In response, Randy Dunlap pulled together some
email from Linus on the topic and suggested to your editor that he
could maybe help "document why." Here is the result.
The point that Linus often makes with regard to volatile is that
its purpose is to suppress optimization, which is almost never what one
really wants to do. In the kernel, one must protect accesses to data
against race conditions, which is very much a different task.
Like volatile, the kernel primitives which make concurrent access
to data safe (spinlocks, mutexes, memory barriers, etc.) are designed to
prevent unwanted optimization. If they are
being used properly, there will be no need to use volatile as
well. If volatile is still necessary, there is almost
certainly a bug in
the code somewhere. In properly-written kernel code, volatile can
only serve to slow things down.
Consider a typical block of kernel code:
spin_lock(&the_lock);
do_something_on(&shared_data);
do_something_else_with(&shared_data);
spin_unlock(&the_lock);
If all the code follows the locking rules, the value of
shared_data cannot change unexpectedly while the_lock is
held. Any other code which might want to play with that data will be
waiting on the lock. The spinlock primitives act as memory barriers - they
are explicitly written to do so -
meaning that data accesses will not be optimized across them.
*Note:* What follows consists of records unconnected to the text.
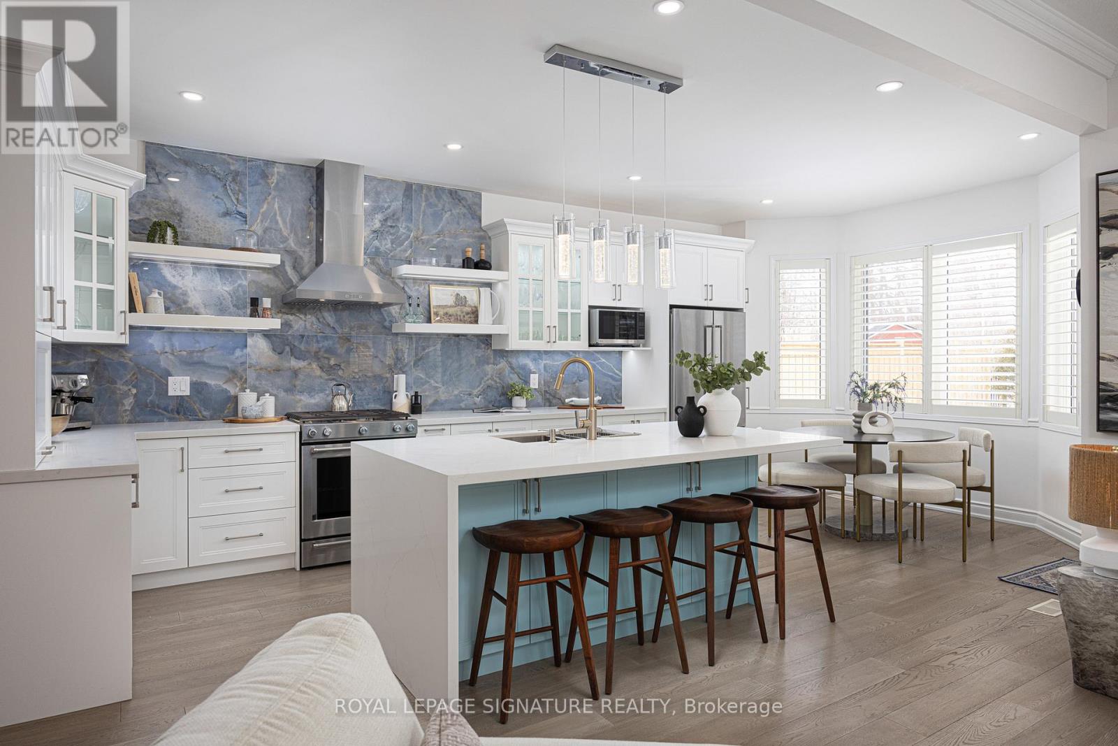 Tucked away on a quiet, low-traffic, family-friendly court in Pickering, this solid all-brick bungalow offers over 3,000 sq ft of beautifully finished living space blending style, comfort, and privacy. A true bungalow with no interior stairs, it provides seamless, accessible everyday living.all Extensively and very recently renovated, this home showcases a stunning new chef-inspired kitchen, updated flooring throughout, and three beautifully remodelled bathrooms completed with impressive attention to detail. The bright open-concept layout is complemented by soaring 9-foot ceilings and elegant, modern finishes. The oversized island and abundant cabinetry make the kitchen the natural gathering place for family and friends.Step outside to your own serene backyard oasis, backing directly onto green space for exceptional privacy and peaceful, tree-lined views.The fully finished basement includes a separate kitchen, bedroom, and bathroom, offering incredible flexibility for guests, extended family, older children, caregivers, or potential rental income.Turnkey, spacious, and renovated where it counts this is bungalow living done right. Welcome Home! (id:64974)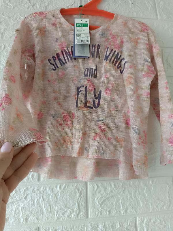 дуже гарна кофтинка на маленьку дівчинку, тоненька в'язка, довжина попереду 32 довжина позаду 39, п/грудей 37, плечі 38, рукав 25.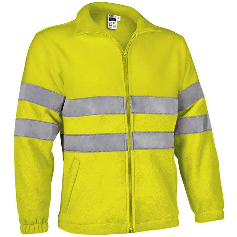 High Visibility Fleece Jacket.Made of micro fleece fabric with anti-pilling outer fabric and an inner brushed for excellent thermal insulation, includes two sewn reflective tapes on sleeves, torso and back to enhance user visibility. Garment certified as a High Visibility Category II PPE based on 13688 and 20471 standards, Class 2 for single-color model and Class 1 for two-tone models.Stand-up collar with full-zip front closure, elasticated cuffs for a better fitting, warmth and comfort. Two slanted flap zippered waist pockets for a secure and convenient storage. Suitable marking methods: embroidery, stitching, patches. Ideal as workwear and uniforms.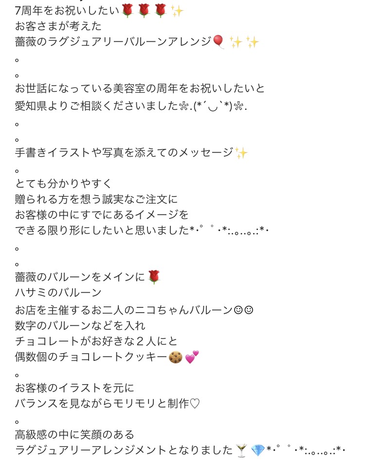 略してアヘリが周年記念でお客様からいただいたプレゼントのインスタの画像です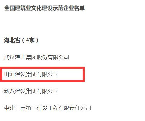 山河集團獲評全國建筑業文化建設示范單位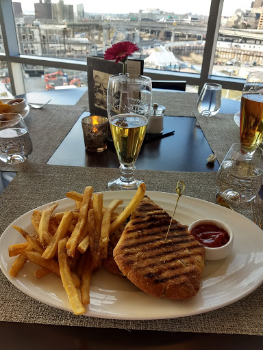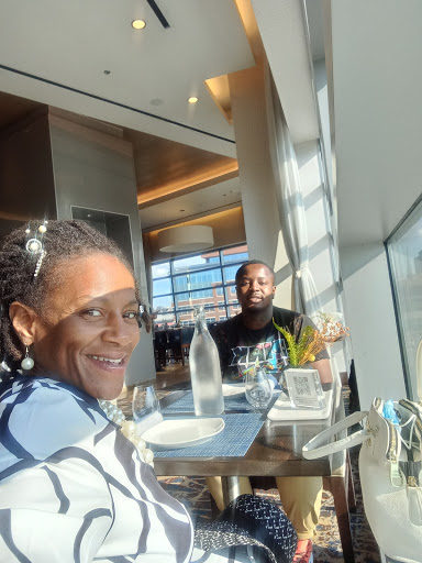 The food and service was amazing. It was our anniversary and they moved our table closer to the window for the view. Quiet modern and the view for the sunset was amazing. The staff was very friendly. It lost one star because its a strange set up that I wasnt expecting. The restaurant is in the lobby with the Marriott lounge in the corner of it. It was a mix of people in dressy casual wear and workout gear.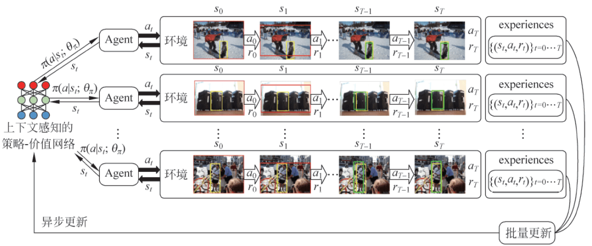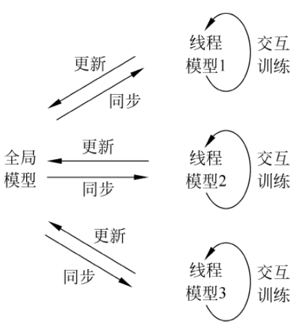 异步方法的核心思想:并行的交互采样和训练。在异步方法中,同时启动多个线程,智能体将在多个线程中同时进行环境交互。只要保证每一个线程中的环境设定不同,线程间交互得到的转换序列就不会完全一样。样本收集完成以后,每一个线程将独立完成训练并得到参数更新量,并以异步的方式更新到全局的模型参数中。下一次训练时,线程的模型参数将和全局参数完成同步,再使用新的参数进行新一轮的训练。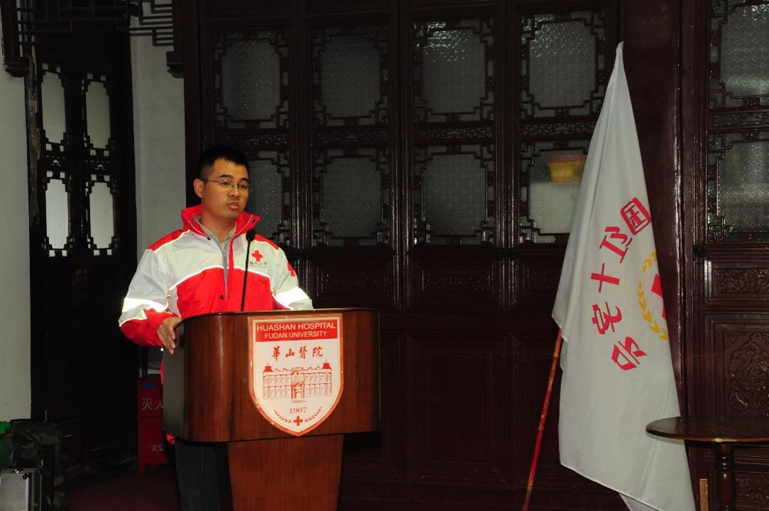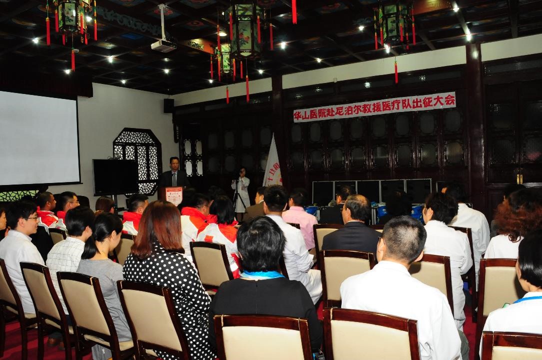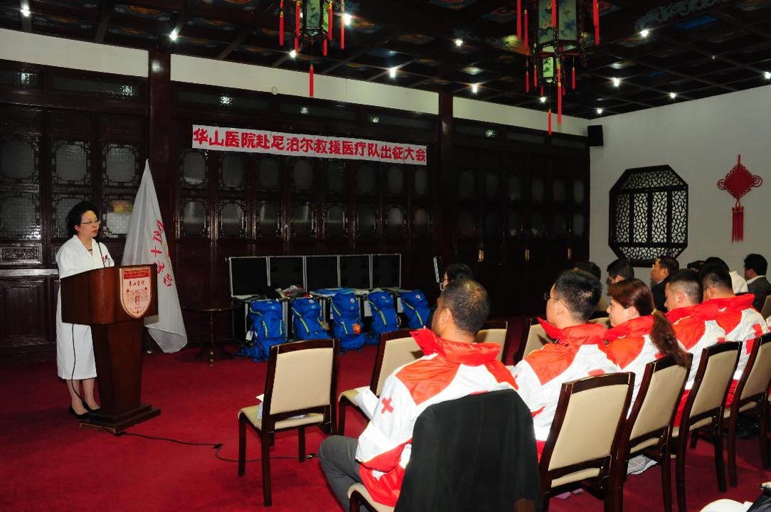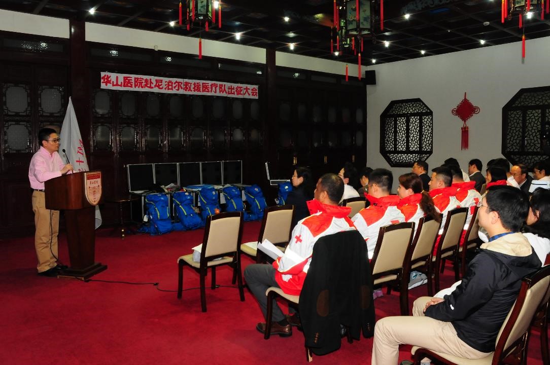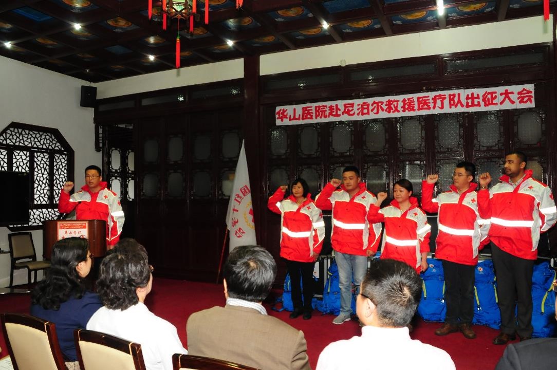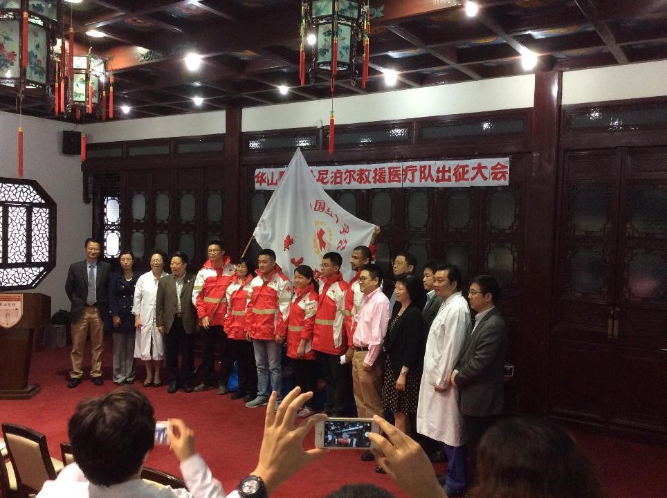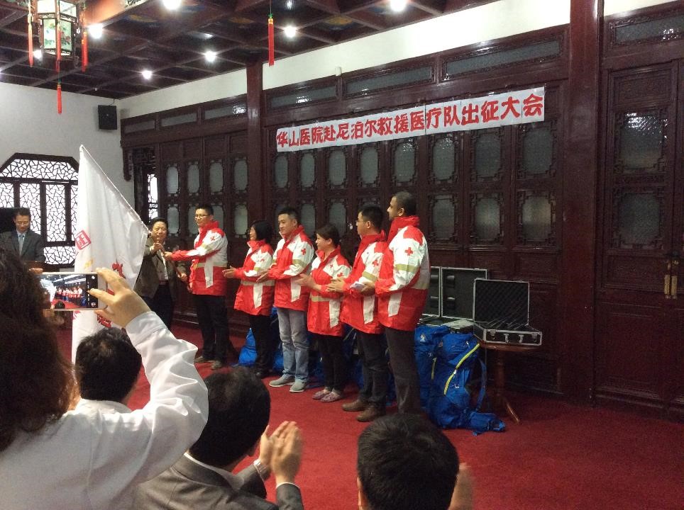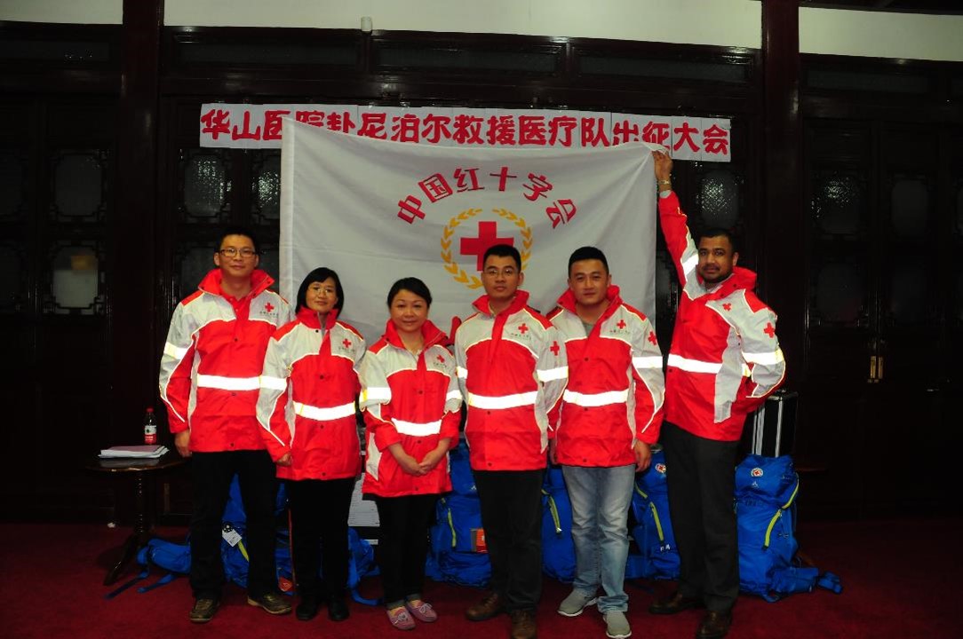 4月25日下午,邻国尼泊尔发生强烈地震。26日中午,华山医院红十字办公室接到中国红十字总会通知后,医务处、相关临床科室立即紧急动员,24小时内即按照要求组成了5人的医护队伍,这5名队员分别是领队刘杨副教授(抗感染专家)、王桂芳副教授(女,呼吸科专家)、许耀主治医师(骨科)、急诊科护士长刘华晔(女)和神经外科重症监护室护士陈裕春,并筹措了队员的个人生活物资、团队生活物资、通讯设备、野外生活装备和药品等。28日上午,医院又接总会通知,要求华山医院在首批5人的基础上,增选10位医务人员作为后续队员。短短2个小时,10人名单确认,包括急诊、感染、外科、妇产科、儿科、护理、超声、药剂、检验、后勤等。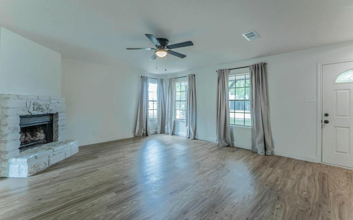 Convenient and accessible location in the desirable Round Rock ISD! Just one street over from Somerset Park and playground—an easy walk for recreation and fun. This charming, newly renovated one-story home offers an efficient and functional floor plan with fresh paint and new flooring throughout. Spacious living room features vaulted, beamed ceilings, a cozy fireplace, and double doors that open to a covered patio. Open-concept layout flows into the dining area and kitchen, which includes a stainless steel gourmet vent hood. The large primary suite also showcases vaulted ceilings and an XL en-suite bath with double vanities. Two secondary bedrooms are located on the opposite side of the home for added privacy, and the hall bath has been updated with a brand-new tub. Private backyard includes a covered patio, separate covered gazebo, full privacy fence, and a powered storage shed—perfect for a workshop or hobby space. Two-car garage. No HOA. Well-maintained and move-in ready!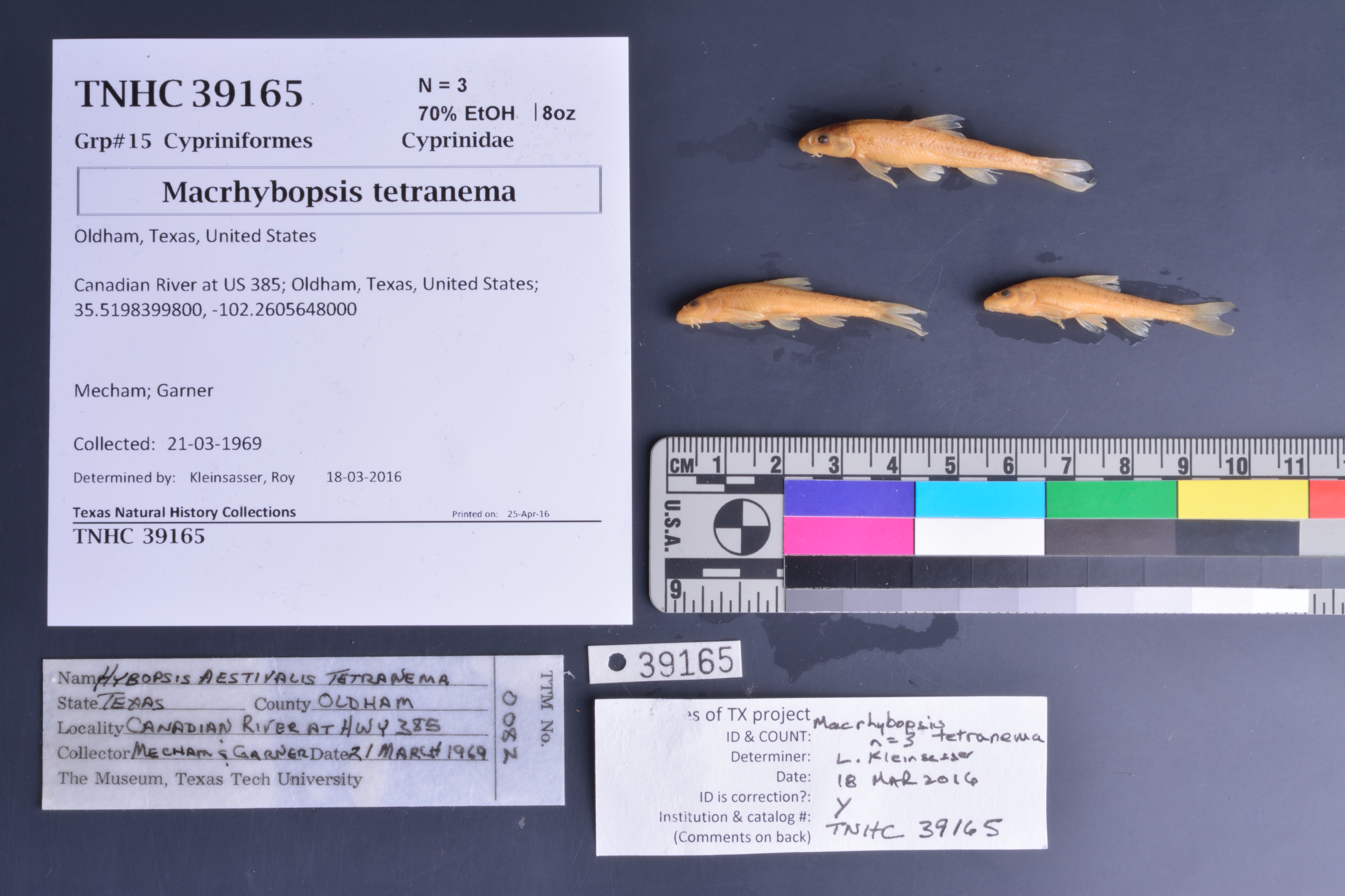 RemarksDonation from Texas Tech University tag name reads: Hybopsis aestivalis tetranema

So the
compiler might think it knows what will be in shared_data, but the
spin_lock() call will force it to forget anything it knows. There
will be no optimization problems with accesses to that data.
If shared_data were declared volatile, the locking would
still be necessary. But the compiler would also be prevented from
optimizing access to shared within the critical section,
when we know that nobody else can be working with it. While the lock is
held, shared_data is not volatile. This is why Linus says:
Also, more importantly, "volatile" is on the wrong _part_ of the
whole system. In C, it's "data" that is volatile, but that is
insane. Data isn't volatile - _accesses_ are volatile. So it may
make sense to say "make this particular _access_ be careful", but
not "make all accesses to this data use some random strategy".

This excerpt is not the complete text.